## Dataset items
───

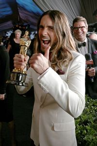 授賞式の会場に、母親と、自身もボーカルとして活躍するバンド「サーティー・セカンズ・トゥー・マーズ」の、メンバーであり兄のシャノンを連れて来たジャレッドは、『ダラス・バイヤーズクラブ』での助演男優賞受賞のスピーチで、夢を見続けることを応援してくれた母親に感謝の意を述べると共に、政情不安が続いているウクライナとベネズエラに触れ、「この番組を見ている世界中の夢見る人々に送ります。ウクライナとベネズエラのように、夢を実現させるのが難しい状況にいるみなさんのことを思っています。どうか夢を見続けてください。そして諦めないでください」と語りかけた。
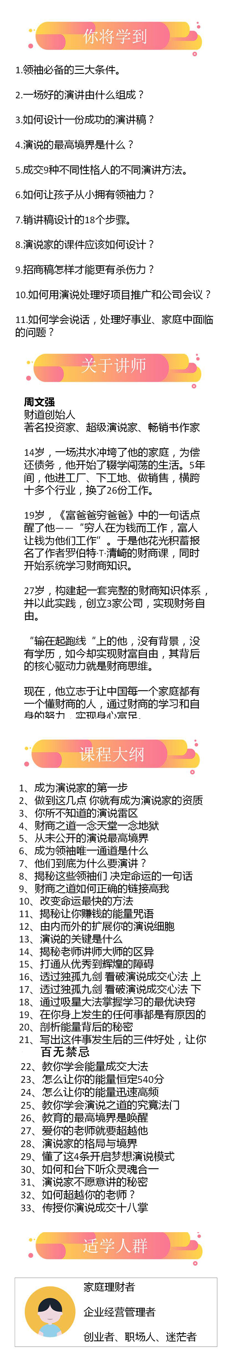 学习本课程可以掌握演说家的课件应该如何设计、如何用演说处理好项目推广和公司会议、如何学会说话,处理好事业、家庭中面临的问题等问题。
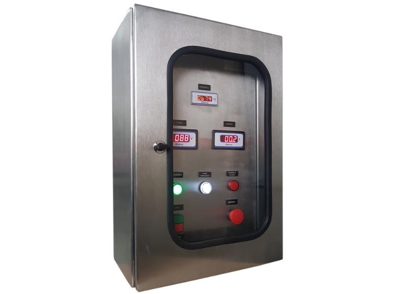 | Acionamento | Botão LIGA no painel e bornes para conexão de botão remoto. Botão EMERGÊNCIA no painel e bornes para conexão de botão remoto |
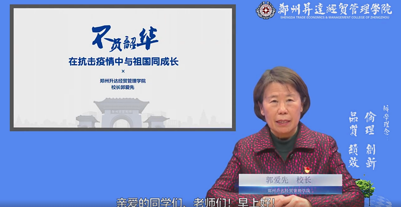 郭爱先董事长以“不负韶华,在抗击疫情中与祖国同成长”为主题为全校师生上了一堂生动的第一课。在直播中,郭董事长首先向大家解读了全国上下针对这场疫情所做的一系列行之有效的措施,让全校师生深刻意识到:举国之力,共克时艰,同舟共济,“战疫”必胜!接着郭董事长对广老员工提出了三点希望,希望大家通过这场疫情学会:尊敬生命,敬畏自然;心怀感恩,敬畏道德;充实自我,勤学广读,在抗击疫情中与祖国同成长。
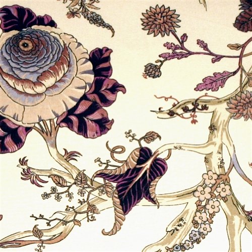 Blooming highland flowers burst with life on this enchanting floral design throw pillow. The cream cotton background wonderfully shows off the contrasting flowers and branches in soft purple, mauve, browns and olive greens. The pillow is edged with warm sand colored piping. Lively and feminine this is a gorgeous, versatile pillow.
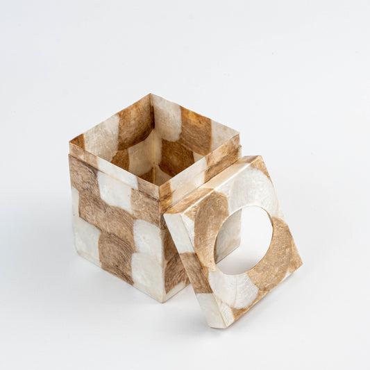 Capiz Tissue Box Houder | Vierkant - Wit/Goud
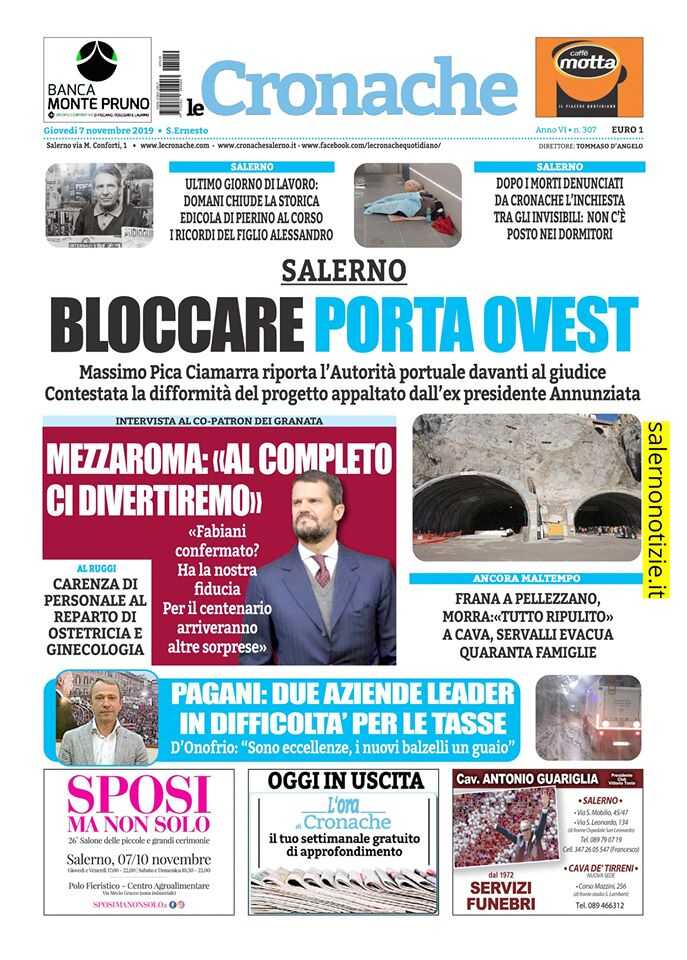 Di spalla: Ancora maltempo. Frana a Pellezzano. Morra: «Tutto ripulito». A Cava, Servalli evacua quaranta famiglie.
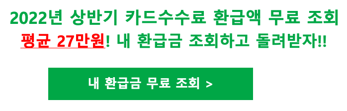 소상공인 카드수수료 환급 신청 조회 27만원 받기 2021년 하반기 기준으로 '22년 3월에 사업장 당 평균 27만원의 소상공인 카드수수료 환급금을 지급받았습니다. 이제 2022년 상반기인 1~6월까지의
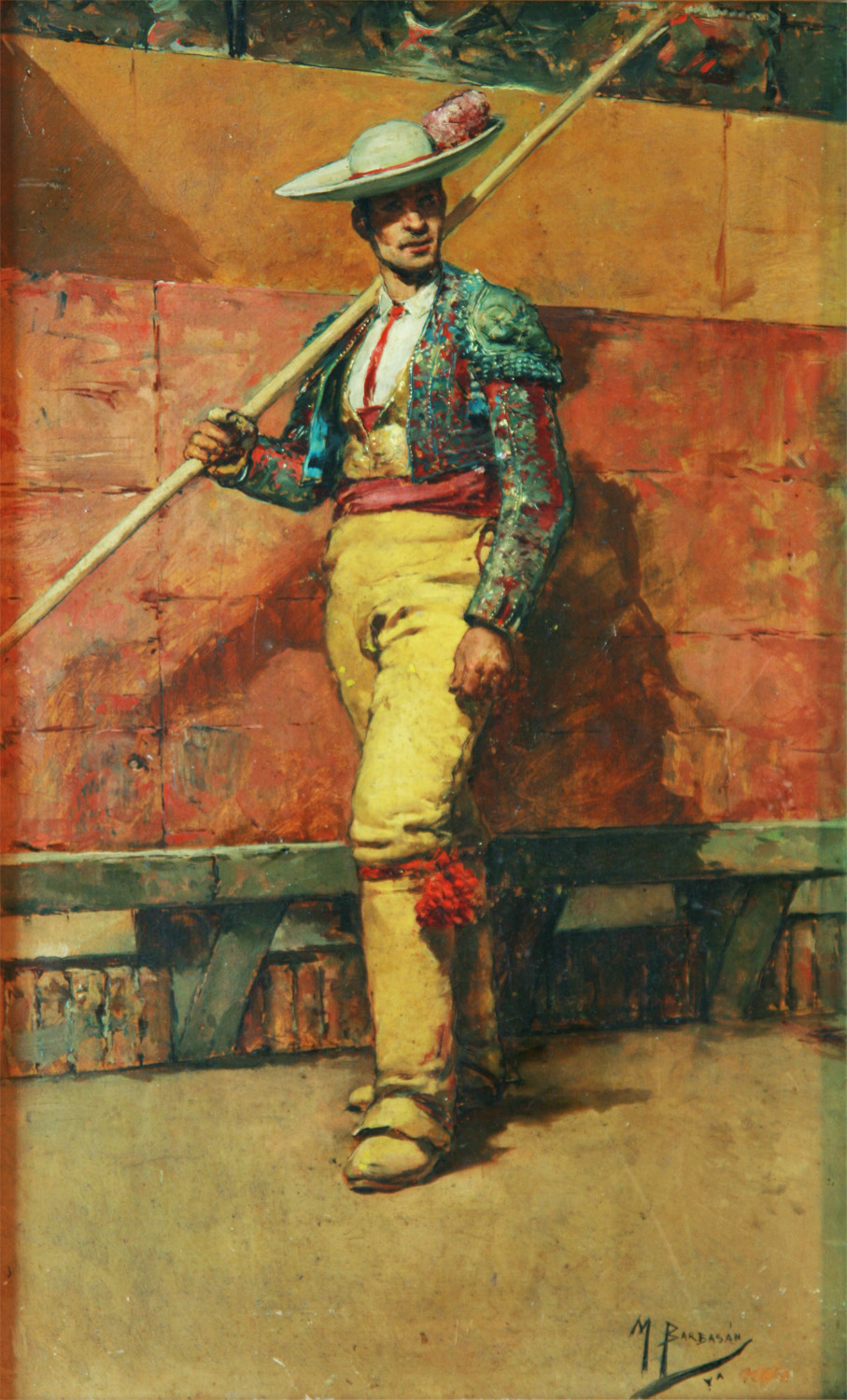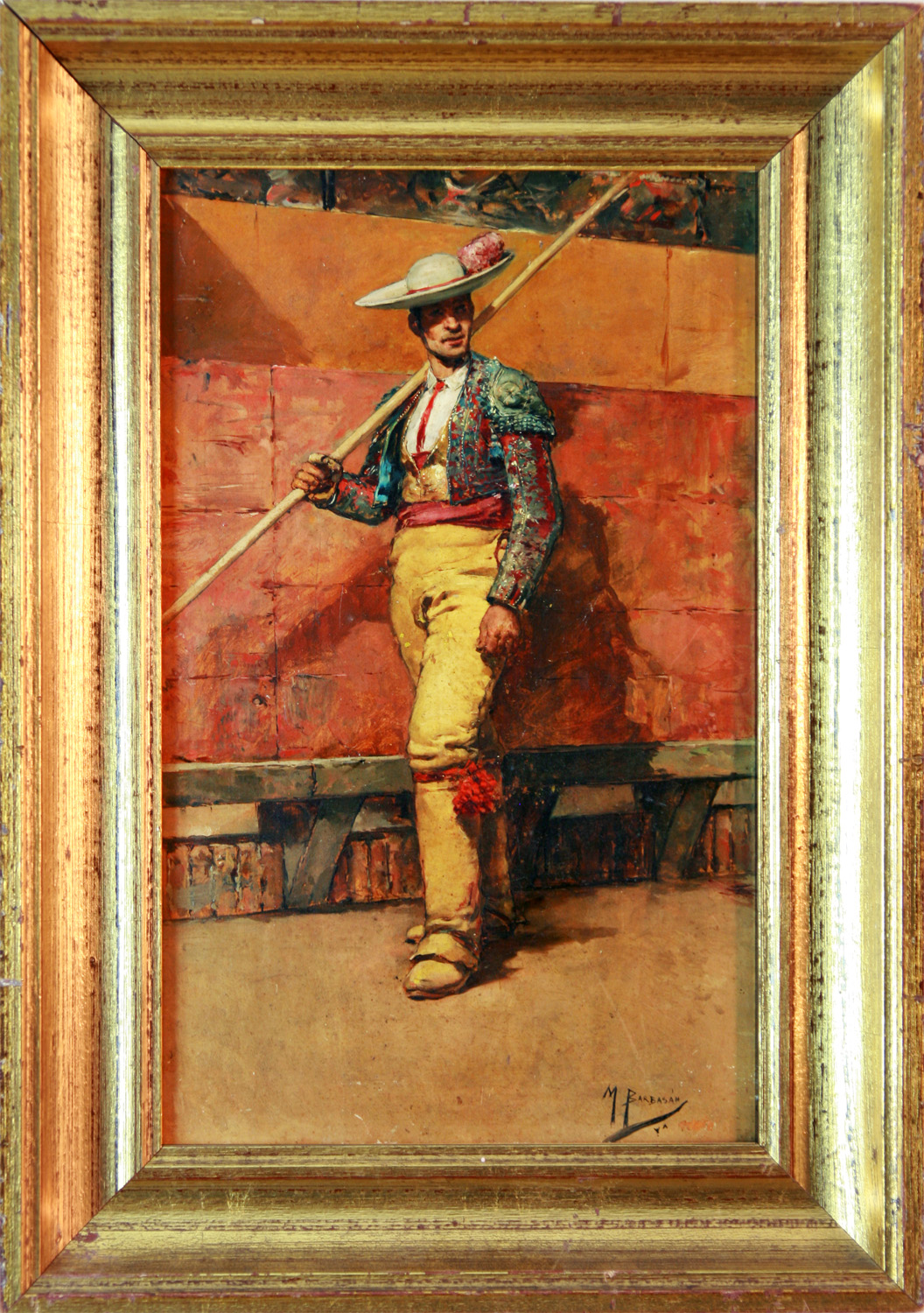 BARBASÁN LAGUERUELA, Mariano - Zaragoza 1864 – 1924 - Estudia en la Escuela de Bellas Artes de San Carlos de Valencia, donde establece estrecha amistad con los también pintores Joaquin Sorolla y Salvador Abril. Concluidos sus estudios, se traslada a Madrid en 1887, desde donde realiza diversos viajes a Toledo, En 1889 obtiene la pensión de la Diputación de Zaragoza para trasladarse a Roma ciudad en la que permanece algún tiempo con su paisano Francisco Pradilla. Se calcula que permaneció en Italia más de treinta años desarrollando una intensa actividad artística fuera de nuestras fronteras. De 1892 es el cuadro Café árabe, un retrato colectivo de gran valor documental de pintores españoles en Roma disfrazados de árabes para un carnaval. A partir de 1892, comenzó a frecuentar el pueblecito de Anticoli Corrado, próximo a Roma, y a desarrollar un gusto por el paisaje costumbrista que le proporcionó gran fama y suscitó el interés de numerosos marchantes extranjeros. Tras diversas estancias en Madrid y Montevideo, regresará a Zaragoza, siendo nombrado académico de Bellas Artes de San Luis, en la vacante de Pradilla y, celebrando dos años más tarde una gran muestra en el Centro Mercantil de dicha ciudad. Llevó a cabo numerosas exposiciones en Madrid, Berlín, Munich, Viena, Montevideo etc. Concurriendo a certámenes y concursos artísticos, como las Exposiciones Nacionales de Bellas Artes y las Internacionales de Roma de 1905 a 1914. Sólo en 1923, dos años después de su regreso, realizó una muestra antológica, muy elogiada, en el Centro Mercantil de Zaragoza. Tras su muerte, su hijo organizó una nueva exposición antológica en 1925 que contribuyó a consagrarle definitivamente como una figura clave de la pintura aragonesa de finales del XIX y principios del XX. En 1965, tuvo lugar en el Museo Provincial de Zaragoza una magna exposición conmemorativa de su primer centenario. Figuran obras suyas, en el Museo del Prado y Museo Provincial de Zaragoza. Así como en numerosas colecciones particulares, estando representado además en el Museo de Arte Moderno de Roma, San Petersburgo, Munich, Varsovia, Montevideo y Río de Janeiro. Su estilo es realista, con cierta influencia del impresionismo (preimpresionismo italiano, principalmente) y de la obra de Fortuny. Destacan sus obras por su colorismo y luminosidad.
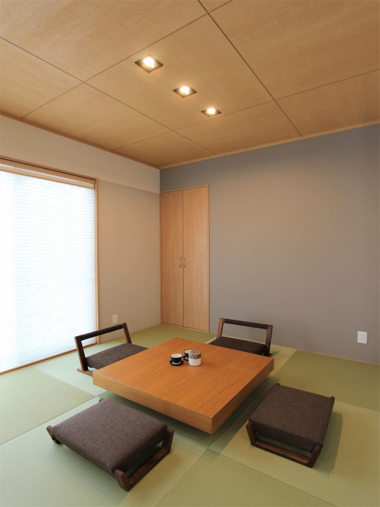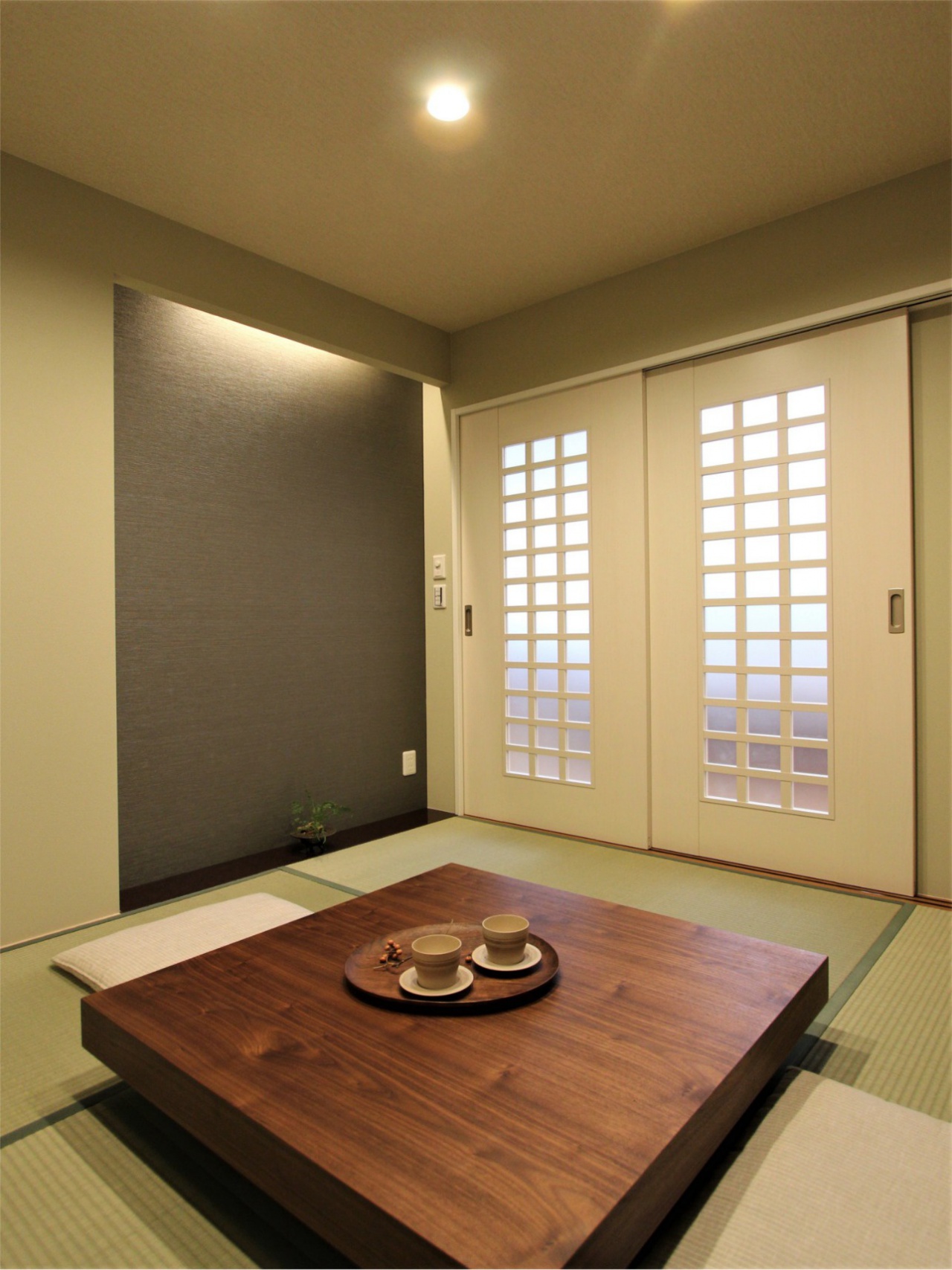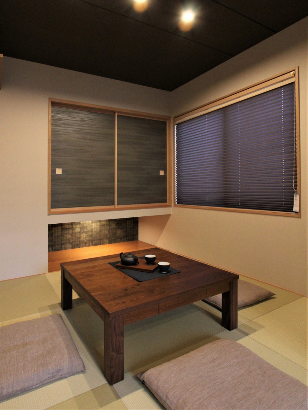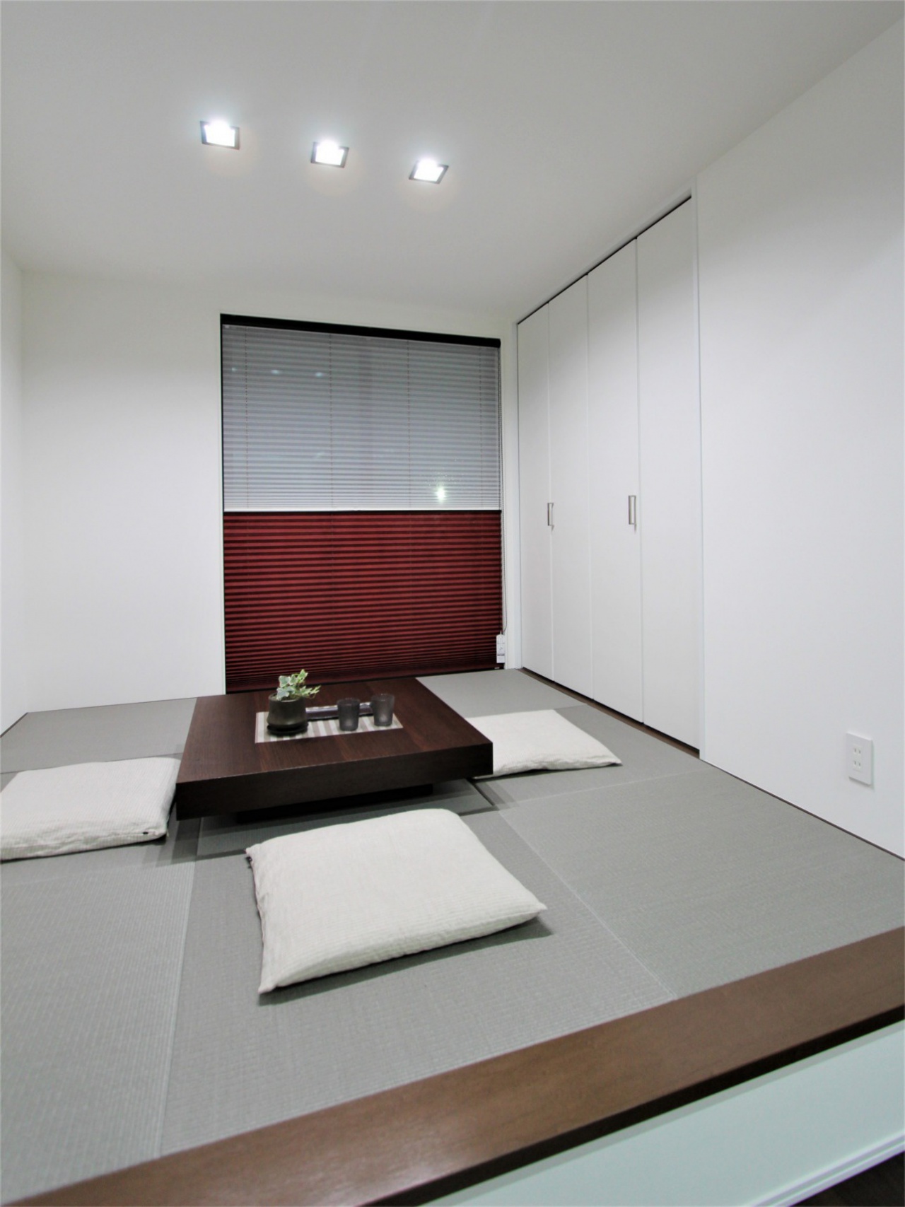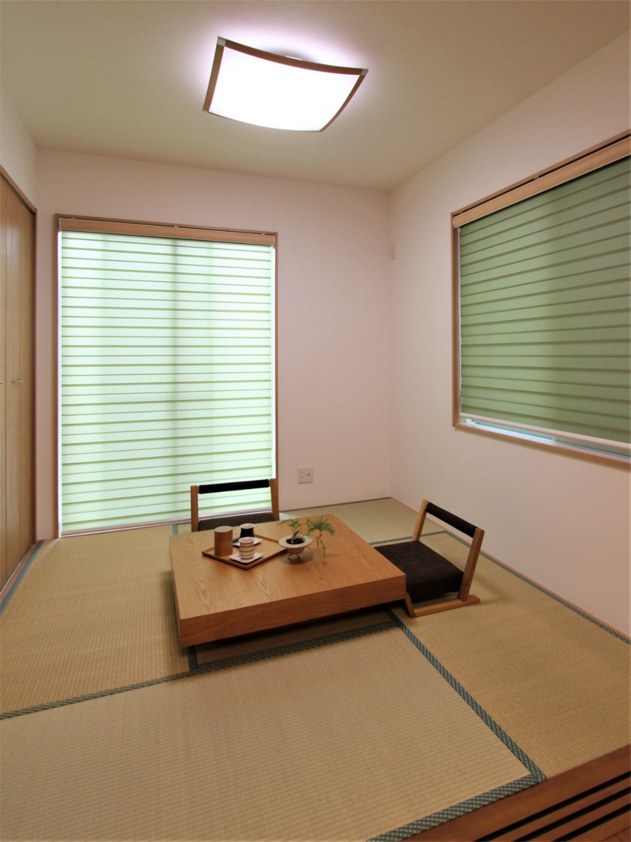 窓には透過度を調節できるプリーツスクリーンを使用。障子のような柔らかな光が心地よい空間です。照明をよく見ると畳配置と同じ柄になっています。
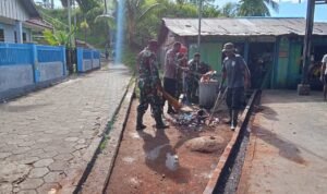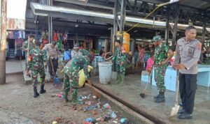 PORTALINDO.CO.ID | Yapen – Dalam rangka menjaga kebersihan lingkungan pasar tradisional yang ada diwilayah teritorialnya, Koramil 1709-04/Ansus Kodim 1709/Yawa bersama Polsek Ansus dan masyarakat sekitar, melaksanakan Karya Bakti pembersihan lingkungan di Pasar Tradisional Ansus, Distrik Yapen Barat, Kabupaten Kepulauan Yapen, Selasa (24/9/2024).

───

## EXERCISE GOAL
Nothing but the records themselves, exact and complete, should be returned; leave the pictures out.

## EXERCISE RESULT
 授賞式の会場に、母親と、自身もボーカルとして活躍するバンド「サーティー・セカンズ・トゥー・マーズ」の、メンバーであり兄のシャノンを連れて来たジャレッドは、『ダラス・バイヤーズクラブ』での助演男優賞受賞のスピーチで、夢を見続けることを応援してくれた母親に感謝の意を述べると共に、政情不安が続いているウクライナとベネズエラに触れ、「この番組を見ている世界中の夢見る人々に送ります。ウクライナとベネズエラのように、夢を実現させるのが難しい状況にいるみなさんのことを思っています。どうか夢を見続けてください。そして諦めないでください」と語りかけた。
 学习本课程可以掌握演说家的课件应该如何设计、如何用演说处理好项目推广和公司会议、如何学会说话,处理好事业、家庭中面临的问题等问题。
 | Acionamento | Botão LIGA no painel e bornes para conexão de botão remoto. Botão EMERGÊNCIA no painel e bornes para conexão de botão remoto |
 郭爱先董事长以“不负韶华,在抗击疫情中与祖国同成长”为主题为全校师生上了一堂生动的第一课。在直播中,郭董事长首先向大家解读了全国上下针对这场疫情所做的一系列行之有效的措施,让全校师生深刻意识到:举国之力,共克时艰,同舟共济,“战疫”必胜!接着郭董事长对广老员工提出了三点希望,希望大家通过这场疫情学会:尊敬生命,敬畏自然;心怀感恩,敬畏道德;充实自我,勤学广读,在抗击疫情中与祖国同成长。
 Blooming highland flowers burst with life on this enchanting floral design throw pillow. The cream cotton background wonderfully shows off the contrasting flowers and branches in soft purple, mauve, browns and olive greens. The pillow is edged with warm sand colored piping. Lively and feminine this is a gorgeous, versatile pillow.
 Capiz Tissue Box Houder | Vierkant - Wit/Goud
 Di spalla: Ancora maltempo. Frana a Pellezzano. Morra: «Tutto ripulito». A Cava, Servalli evacua quaranta famiglie.
 소상공인 카드수수료 환급 신청 조회 27만원 받기 2021년 하반기 기준으로 '22년 3월에 사업장 당 평균 27만원의 소상공인 카드수수료 환급금을 지급받았습니다. 이제 2022년 상반기인 1~6월까지의
 BARBASÁN LAGUERUELA, Mariano - Zaragoza 1864 – 1924 - Estudia en la Escuela de Bellas Artes de San Carlos de Valencia, donde establece estrecha amistad con los también pintores Joaquin Sorolla y Salvador Abril. Concluidos sus estudios, se traslada a Madrid en 1887, desde donde realiza diversos viajes a Toledo, En 1889 obtiene la pensión de la Diputación de Zaragoza para trasladarse a Roma ciudad en la que permanece algún tiempo con su paisano Francisco Pradilla. Se calcula que permaneció en Italia más de treinta años desarrollando una intensa actividad artística fuera de nuestras fronteras. De 1892 es el cuadro Café árabe, un retrato colectivo de gran valor documental de pintores españoles en Roma disfrazados de árabes para un carnaval. A partir de 1892, comenzó a frecuentar el pueblecito de Anticoli Corrado, próximo a Roma, y a desarrollar un gusto por el paisaje costumbrista que le proporcionó gran fama y suscitó el interés de numerosos marchantes extranjeros. Tras diversas estancias en Madrid y Montevideo, regresará a Zaragoza, siendo nombrado académico de Bellas Artes de San Luis, en la vacante de Pradilla y, celebrando dos años más tarde una gran muestra en el Centro Mercantil de dicha ciudad. Llevó a cabo numerosas exposiciones en Madrid, Berlín, Munich, Viena, Montevideo etc. Concurriendo a certámenes y concursos artísticos, como las Exposiciones Nacionales de Bellas Artes y las Internacionales de Roma de 1905 a 1914. Sólo en 1923, dos años después de su regreso, realizó una muestra antológica, muy elogiada, en el Centro Mercantil de Zaragoza. Tras su muerte, su hijo organizó una nueva exposición antológica en 1925 que contribuyó a consagrarle definitivamente como una figura clave de la pintura aragonesa de finales del XIX y principios del XX. En 1965, tuvo lugar en el Museo Provincial de Zaragoza una magna exposición conmemorativa de su primer centenario. Figuran obras suyas, en el Museo del Prado y Museo Provincial de Zaragoza. Así como en numerosas colecciones particulares, estando representado además en el Museo de Arte Moderno de Roma, San Petersburgo, Munich, Varsovia, Montevideo y Río de Janeiro. Su estilo es realista, con cierta influencia del impresionismo (preimpresionismo italiano, principalmente) y de la obra de Fortuny. Destacan sus obras por su colorismo y luminosidad.
 窓には透過度を調節できるプリーツスクリーンを使用。障子のような柔らかな光が心地よい空間です。照明をよく見ると畳配置と同じ柄になっています。
 PORTALINDO.CO.ID | Yapen – Dalam rangka menjaga kebersihan lingkungan pasar tradisional yang ada diwilayah teritorialnya, Koramil 1709-04/Ansus Kodim 1709/Yawa bersama Polsek Ansus dan masyarakat sekitar, melaksanakan Karya Bakti pembersihan lingkungan di Pasar Tradisional Ansus, Distrik Yapen Barat, Kabupaten Kepulauan Yapen, Selasa (24/9/2024).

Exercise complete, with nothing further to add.